**TASK BRIEF:** Everything in the listing must be repeated exactly, apart from the images.

**AVAILABLE DATA:**
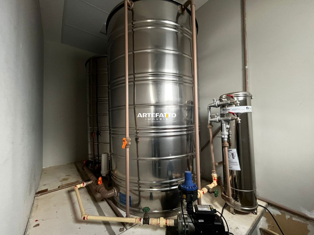 Instalações essenciais para produção alimentícia, tais como: 2 Caixas d'água em inox com filtro e bomba, câmara fria até -25°C, ar condicionado, instalação para gás GLP de 4 botijões
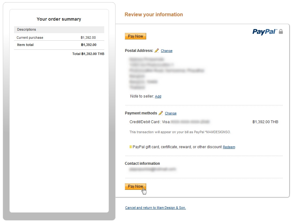 - หลังจากล็อกอินเข้าสู่ระบบ Paypal หรือกรอกรายละเอียดบัตรเครดิตเรียบร้อยแล้ว ระบบจะนำมายังหน้ายืนยันรายละเอียดเพื่อให้คุณตรวจสอบรายละเอียดต่างๆ ให้ถูกต้อง แล้วจึงคลิก Pay Now
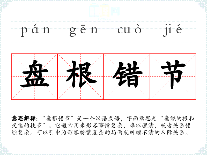 “盘根错节”是一个汉语成语,字面意思是“盘绕的根和交错的枝节”。它通常用来形容事情复杂,难以理清,或者关系错综复杂。可以引申为形容纷繁复杂的局面或纠缠不清的人际关系。
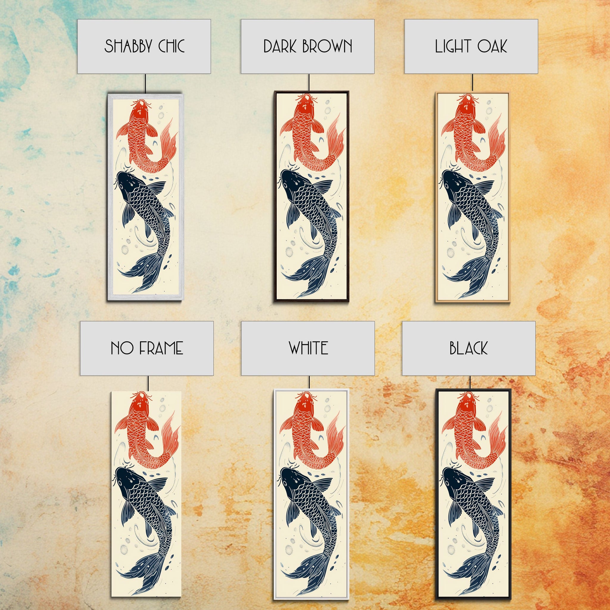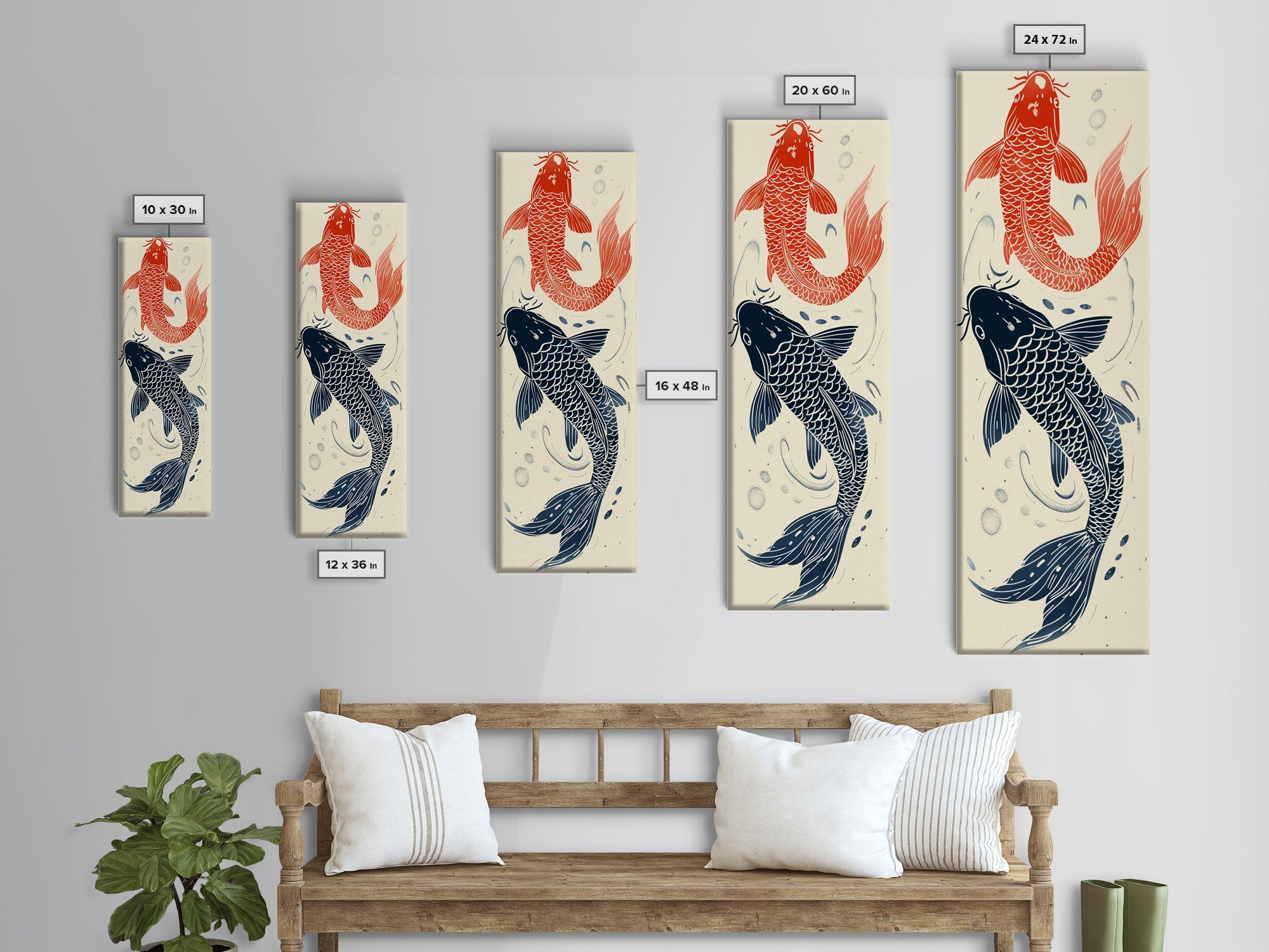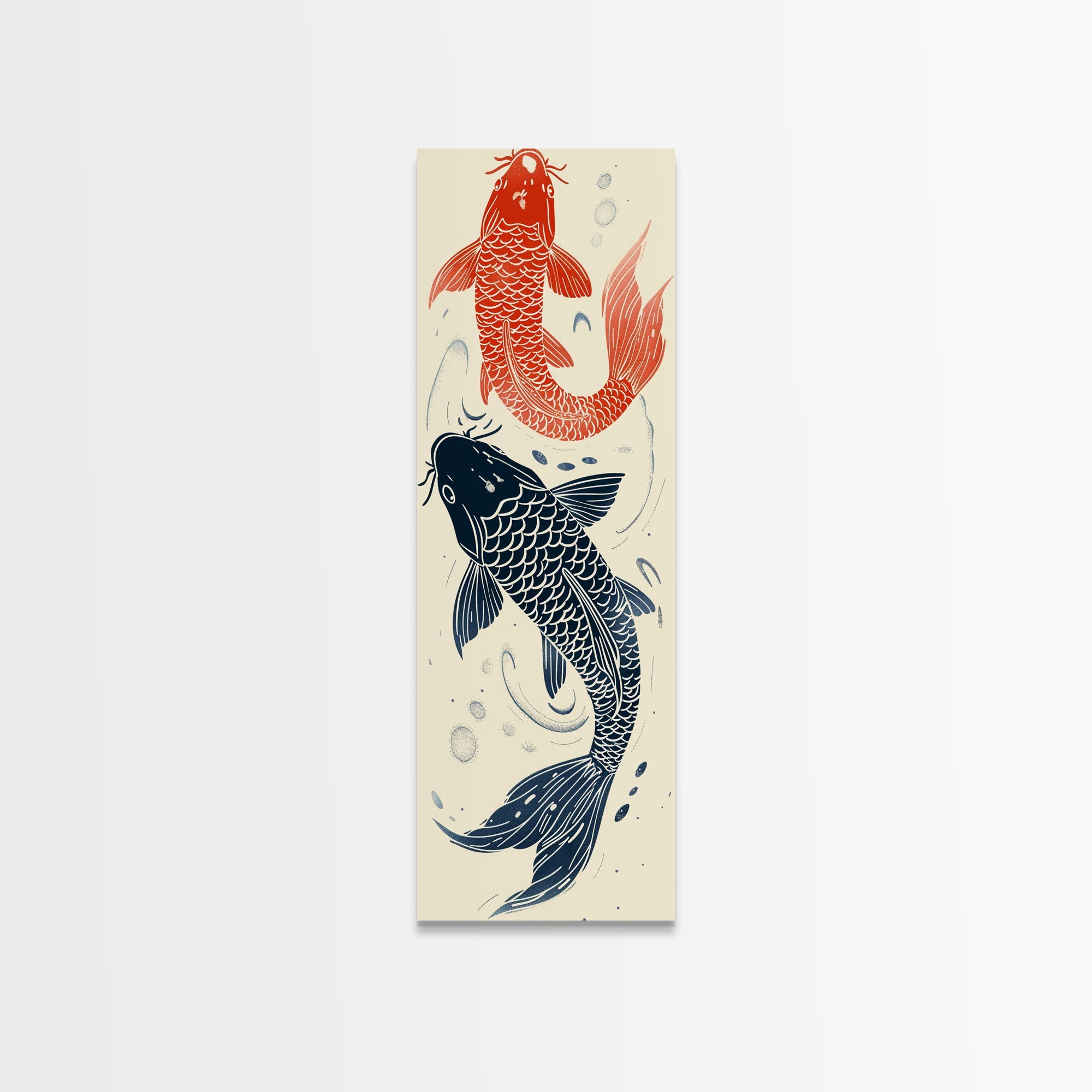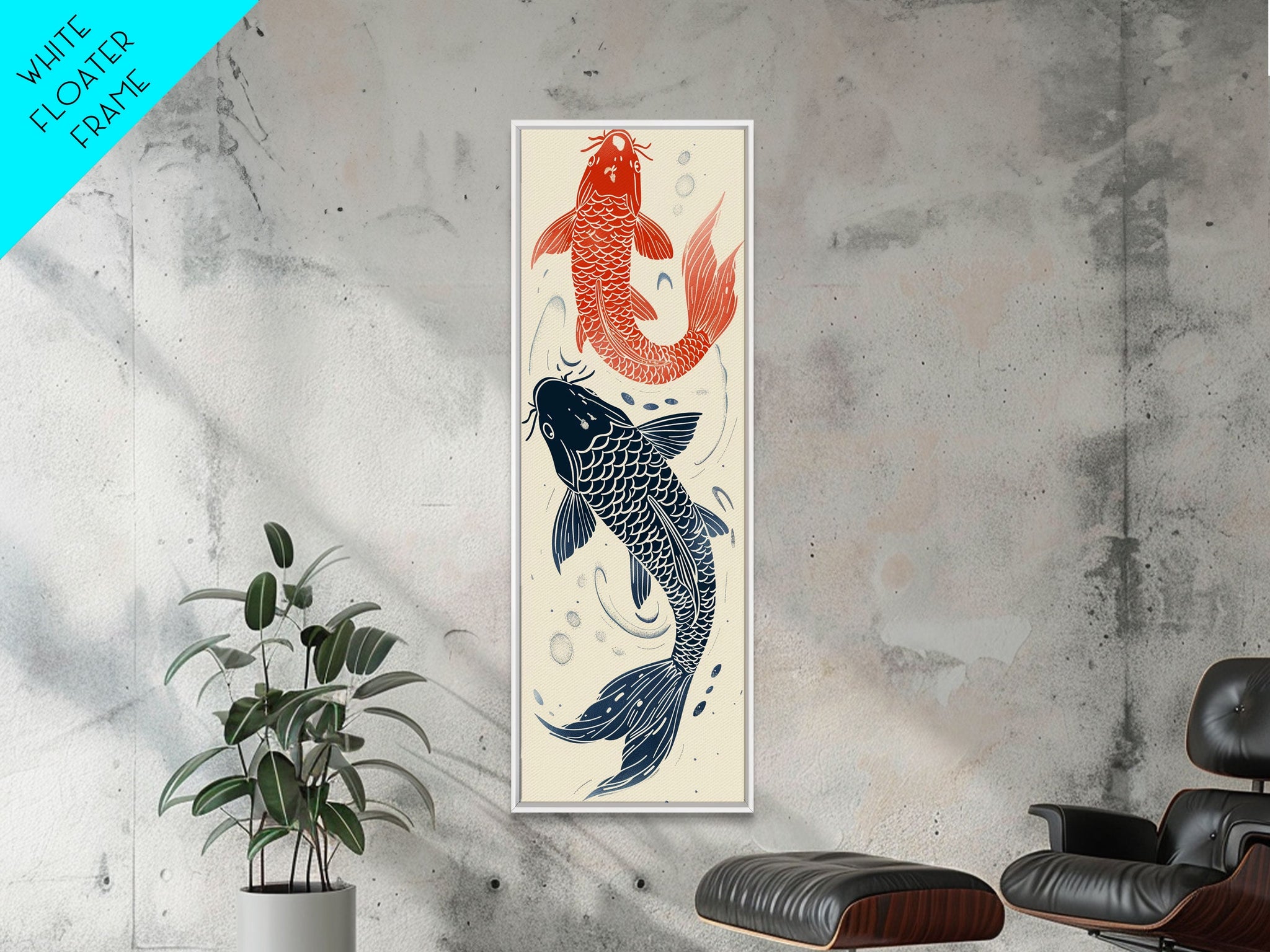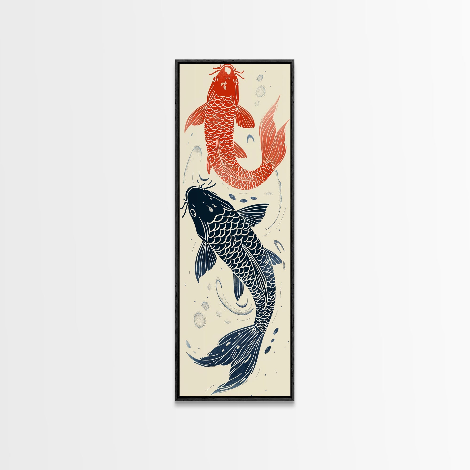 Elegant Koi Fish in Minimalist Japanese Art Style, Tall and Skinny Framed Canvas Print for Ukiyo-e Art Lovers

**OUTPUT OF THE TASK:**
 Instalações essenciais para produção alimentícia, tais como: 2 Caixas d'água em inox com filtro e bomba, câmara fria até -25°C, ar condicionado, instalação para gás GLP de 4 botijões
 - หลังจากล็อกอินเข้าสู่ระบบ Paypal หรือกรอกรายละเอียดบัตรเครดิตเรียบร้อยแล้ว ระบบจะนำมายังหน้ายืนยันรายละเอียดเพื่อให้คุณตรวจสอบรายละเอียดต่างๆ ให้ถูกต้อง แล้วจึงคลิก Pay Now
 “盘根错节”是一个汉语成语,字面意思是“盘绕的根和交错的枝节”。它通常用来形容事情复杂,难以理清,或者关系错综复杂。可以引申为形容纷繁复杂的局面或纠缠不清的人际关系。
 Elegant Koi Fish in Minimalist Japanese Art Style, Tall and Skinny Framed Canvas Print for Ukiyo-e Art Lovers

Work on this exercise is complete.